Segment Start: WORKING DATA

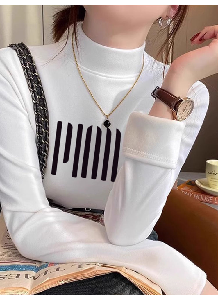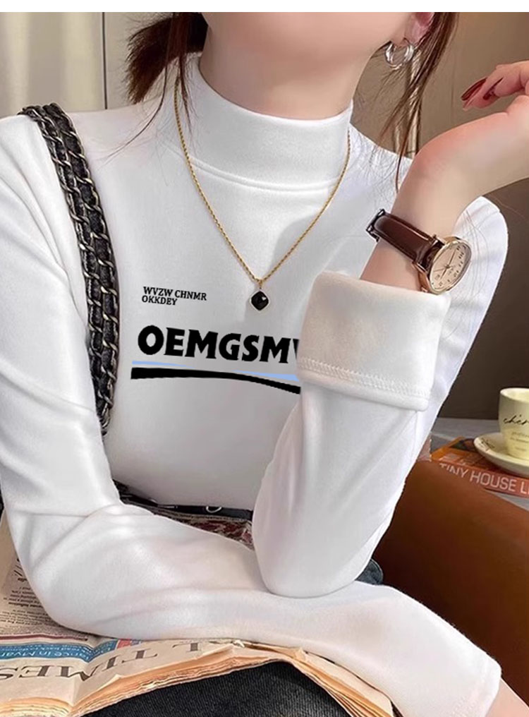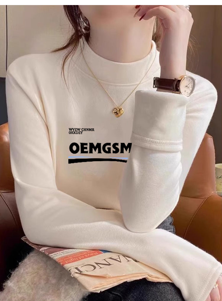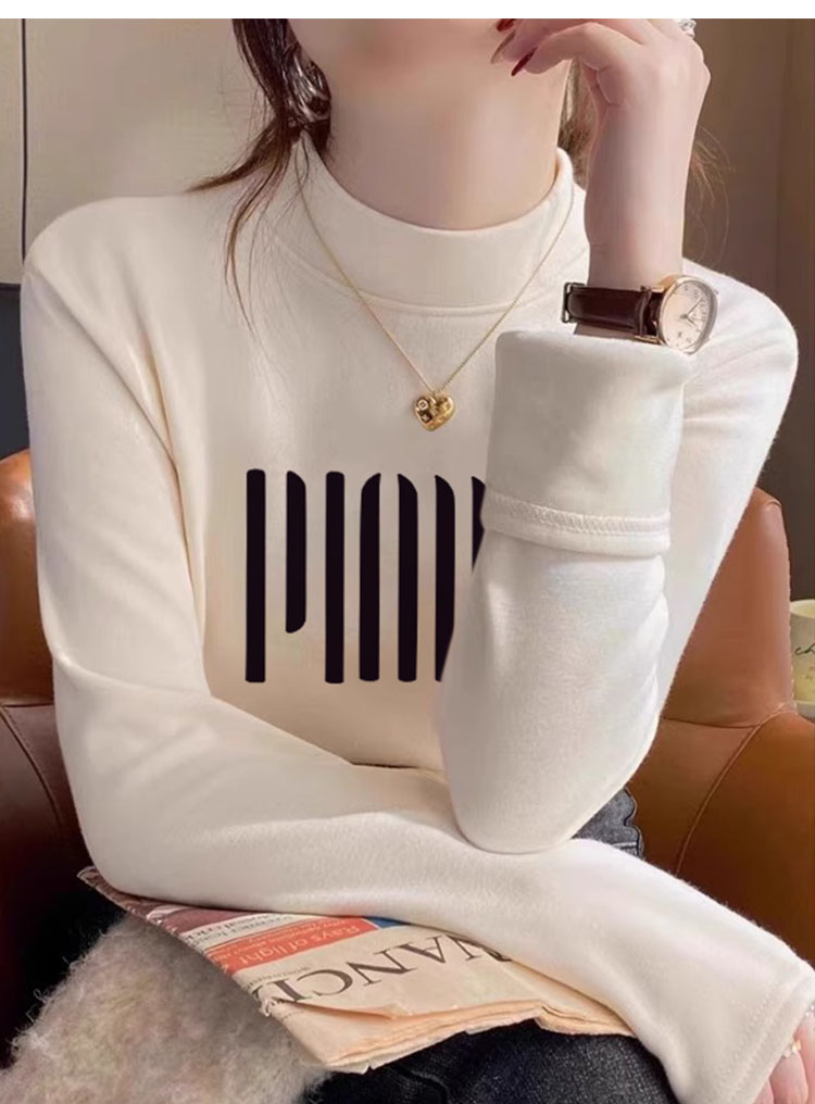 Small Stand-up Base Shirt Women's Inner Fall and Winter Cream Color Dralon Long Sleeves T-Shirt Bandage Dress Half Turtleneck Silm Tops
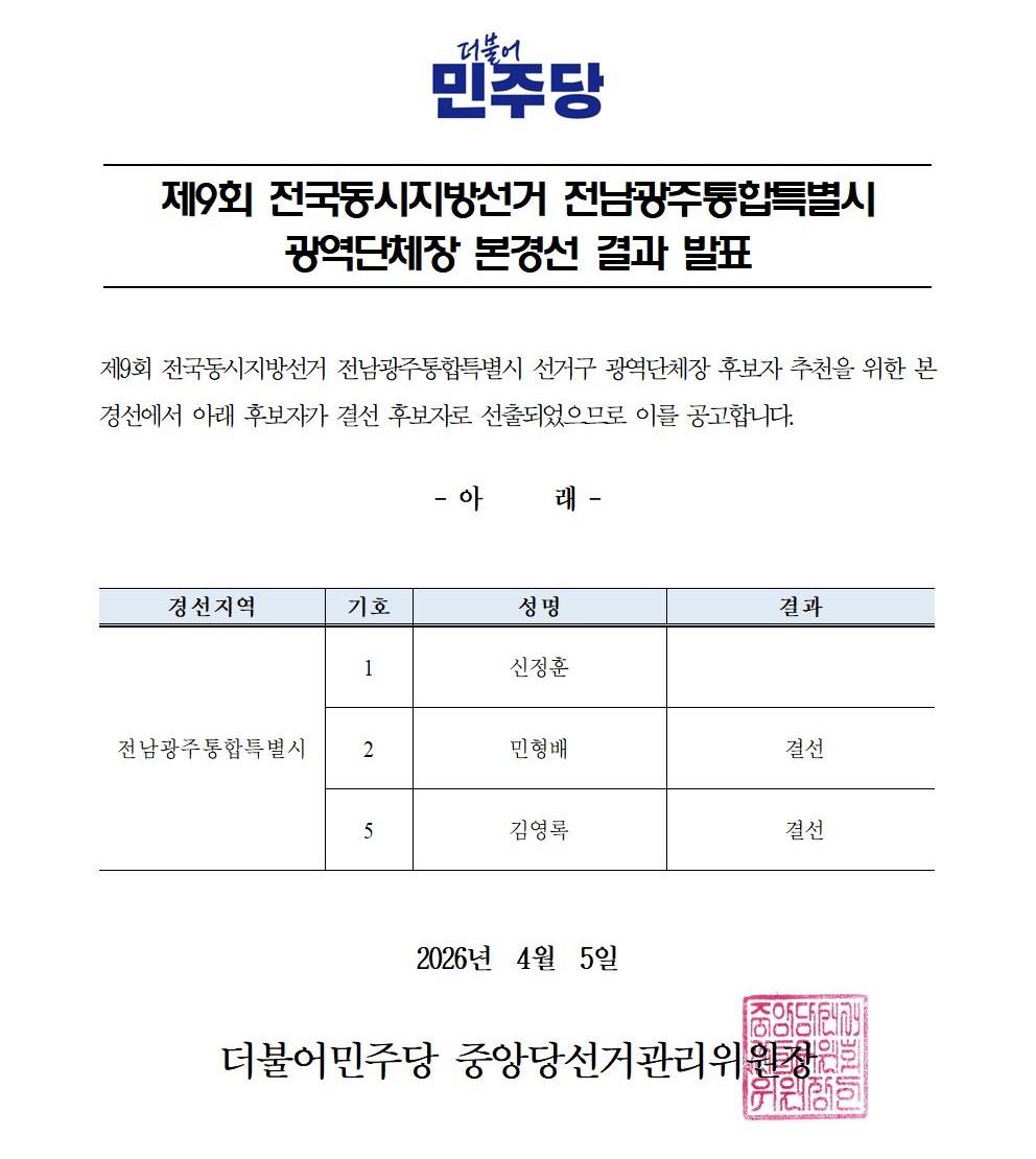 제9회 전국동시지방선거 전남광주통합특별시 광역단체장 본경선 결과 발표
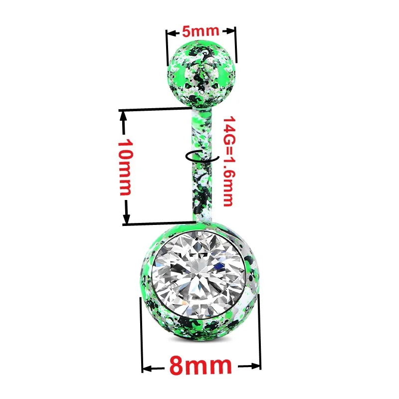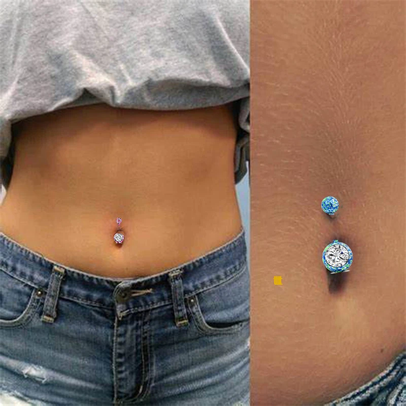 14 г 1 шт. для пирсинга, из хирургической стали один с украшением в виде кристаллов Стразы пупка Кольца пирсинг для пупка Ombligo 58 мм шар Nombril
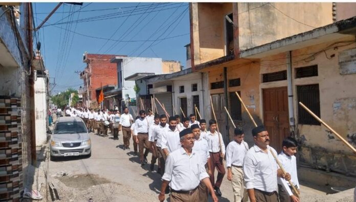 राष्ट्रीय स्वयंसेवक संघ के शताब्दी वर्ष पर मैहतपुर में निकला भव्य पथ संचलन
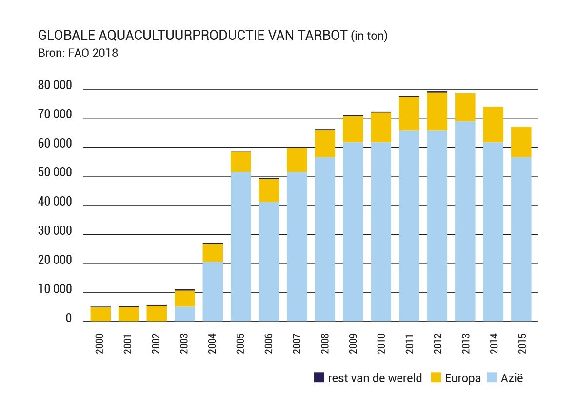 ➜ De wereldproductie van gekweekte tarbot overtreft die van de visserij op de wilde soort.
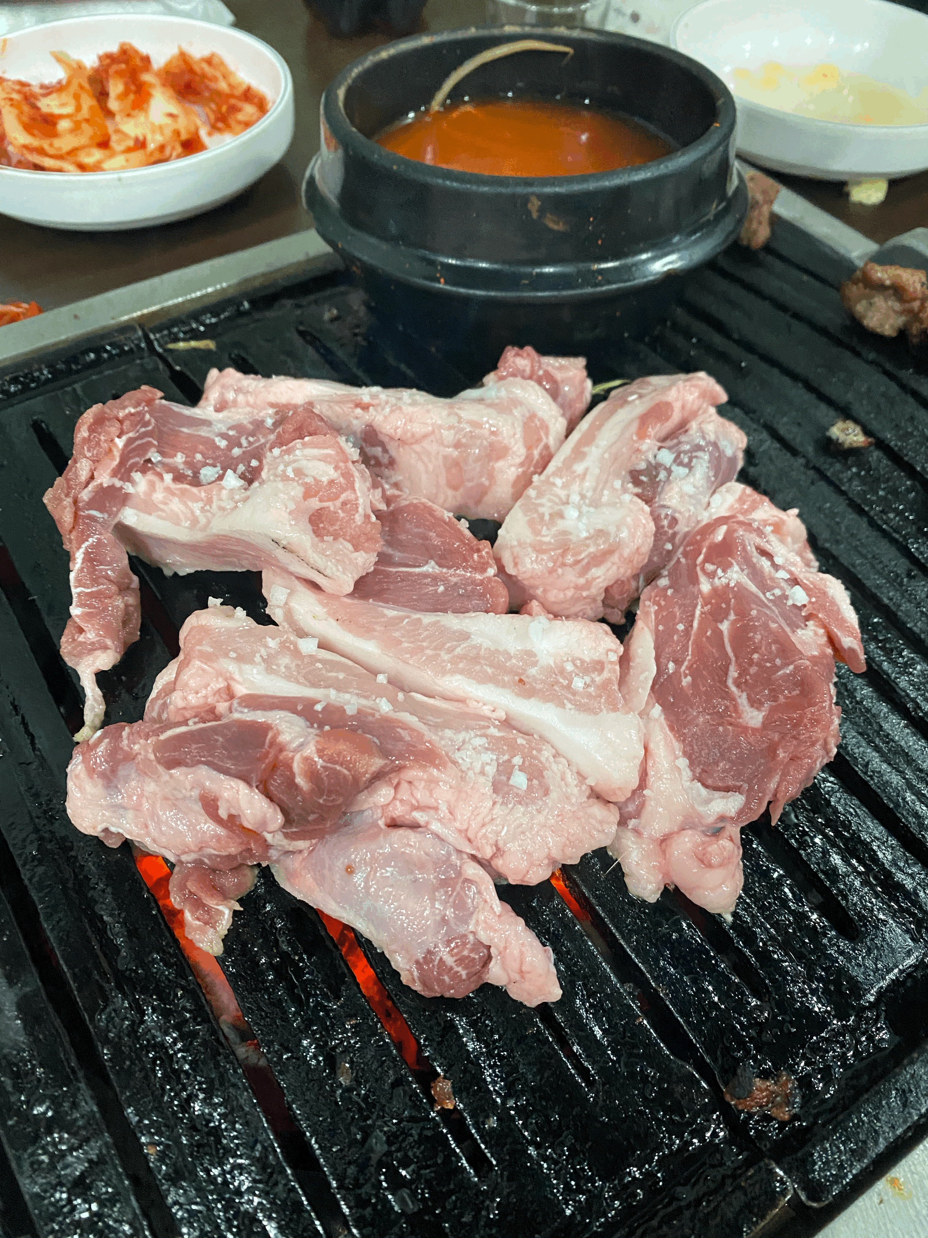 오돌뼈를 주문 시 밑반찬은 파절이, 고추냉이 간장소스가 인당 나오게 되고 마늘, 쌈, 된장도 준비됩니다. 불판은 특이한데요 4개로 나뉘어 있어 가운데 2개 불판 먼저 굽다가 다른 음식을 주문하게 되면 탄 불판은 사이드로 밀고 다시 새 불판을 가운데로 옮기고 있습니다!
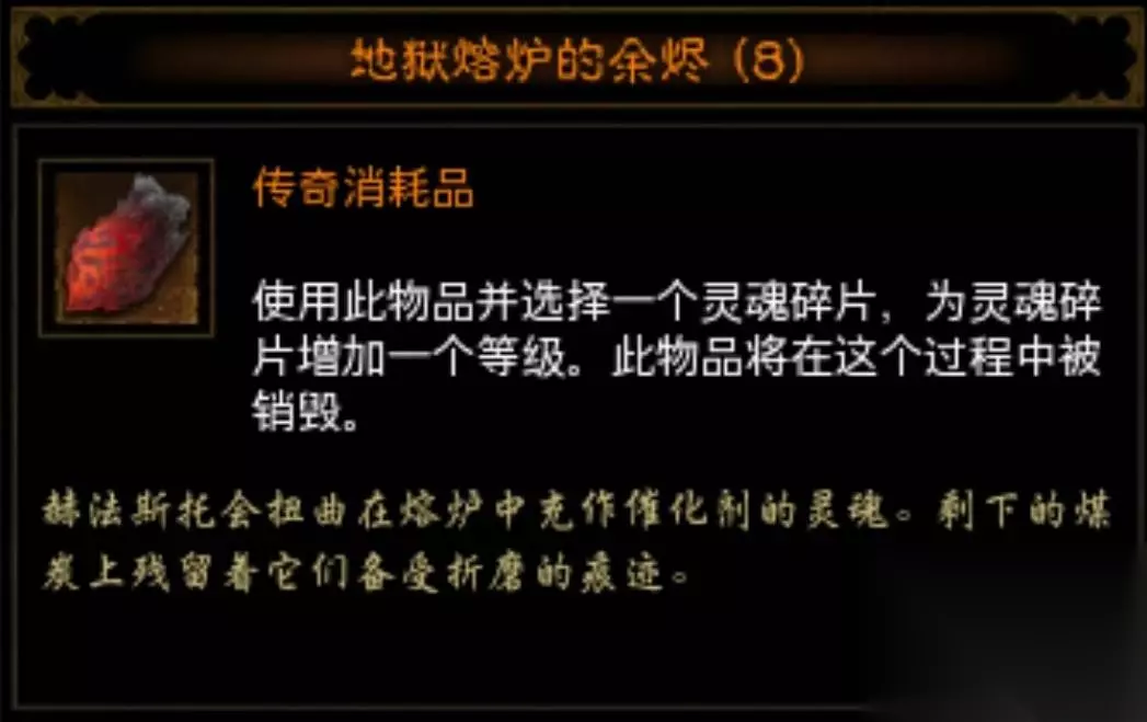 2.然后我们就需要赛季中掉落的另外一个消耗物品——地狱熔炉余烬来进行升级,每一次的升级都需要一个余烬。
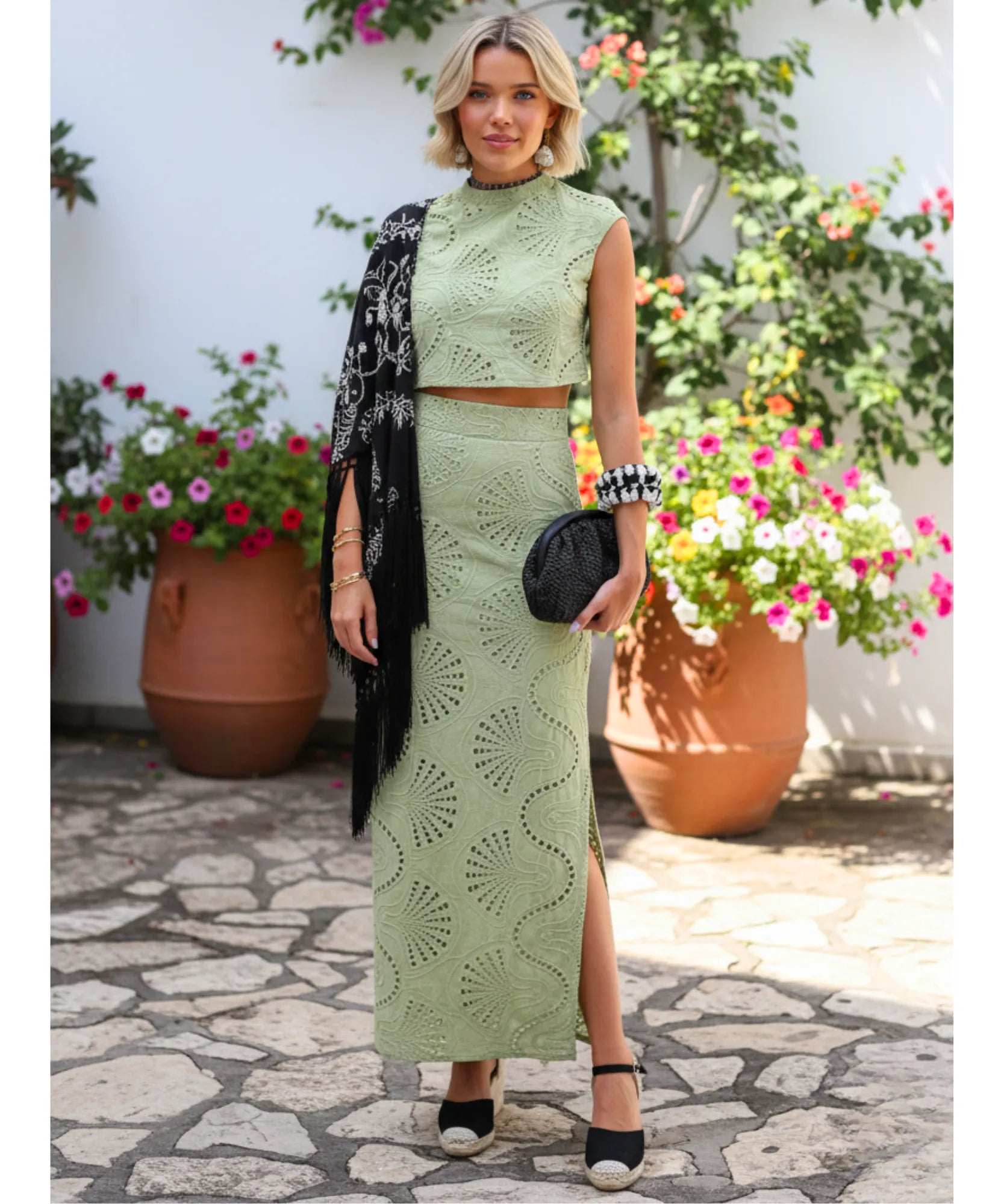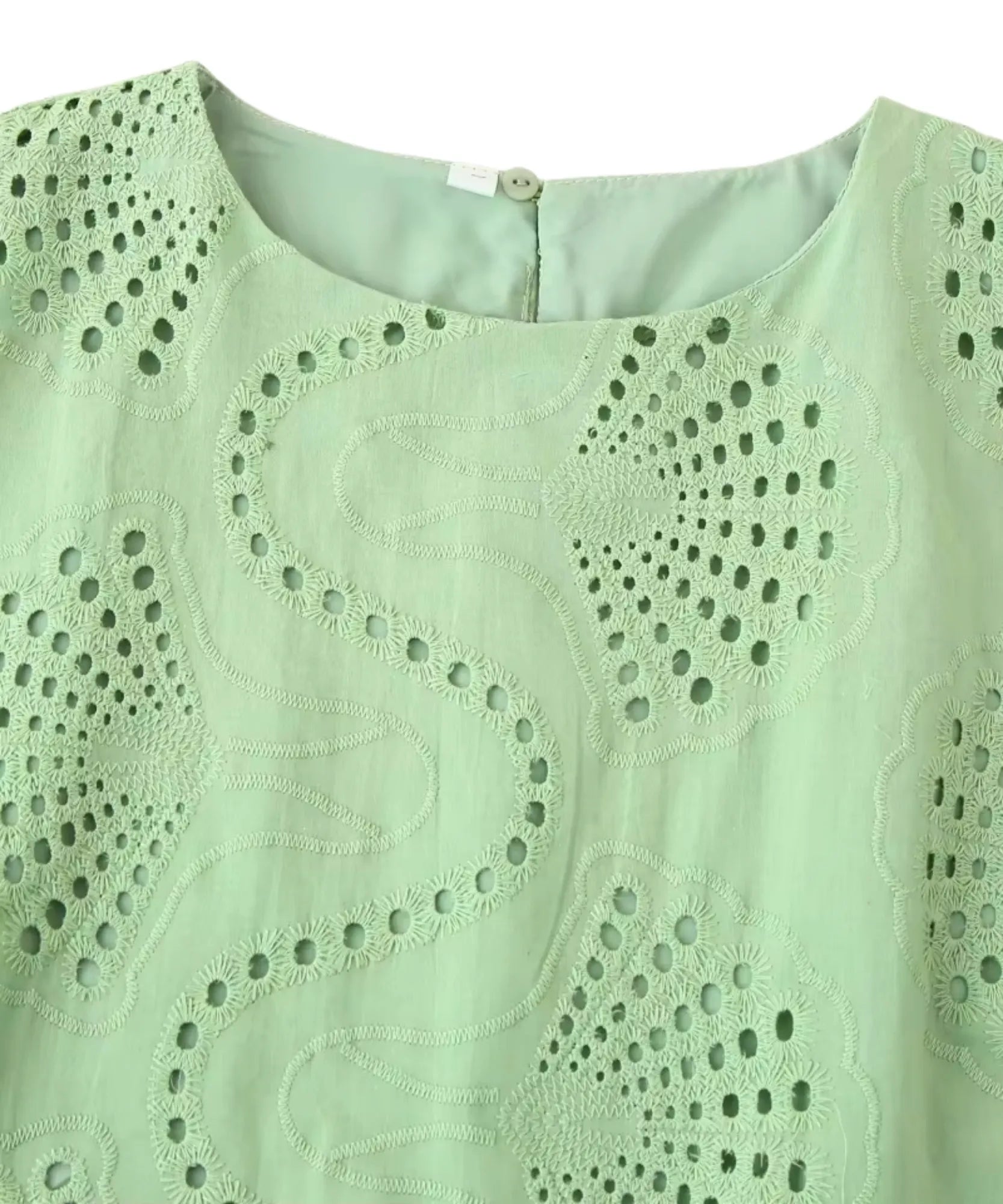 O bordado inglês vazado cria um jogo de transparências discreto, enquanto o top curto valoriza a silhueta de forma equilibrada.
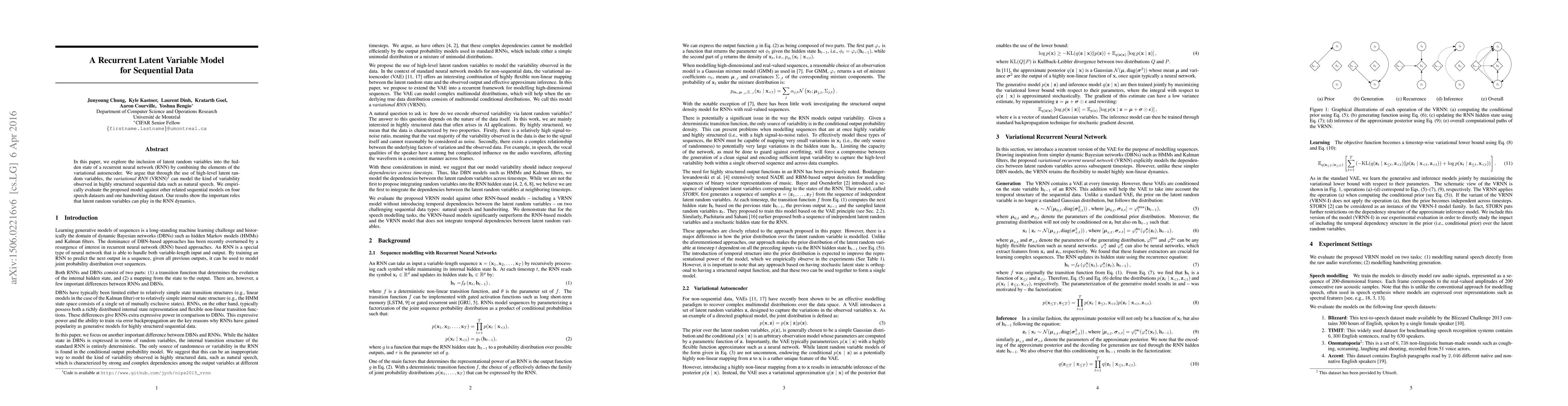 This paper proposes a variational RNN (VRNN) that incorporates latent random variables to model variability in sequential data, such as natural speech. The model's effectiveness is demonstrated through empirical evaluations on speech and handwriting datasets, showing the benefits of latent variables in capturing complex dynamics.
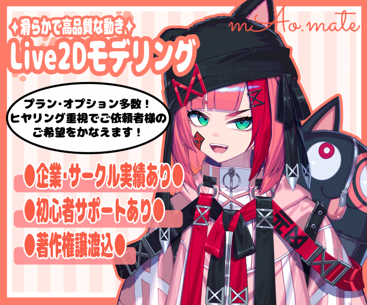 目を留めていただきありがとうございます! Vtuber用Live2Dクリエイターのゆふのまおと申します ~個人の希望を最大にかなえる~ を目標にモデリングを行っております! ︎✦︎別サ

Segment End: WORKING DATA

§ **THE TASK**:
Begin at the line in the entries above that has "2.然后我们就需要赛季中掉落", stop after the line that has "O bordado inglês", and output exactly those lines without pictures.

§ **TASK RESPONSE**:
 2.然后我们就需要赛季中掉落的另外一个消耗物品——地狱熔炉余烬来进行升级,每一次的升级都需要一个余烬。
 O bordado inglês vazado cria um jogo de transparências discreto, enquanto o top curto valoriza a silhueta de forma equilibrada.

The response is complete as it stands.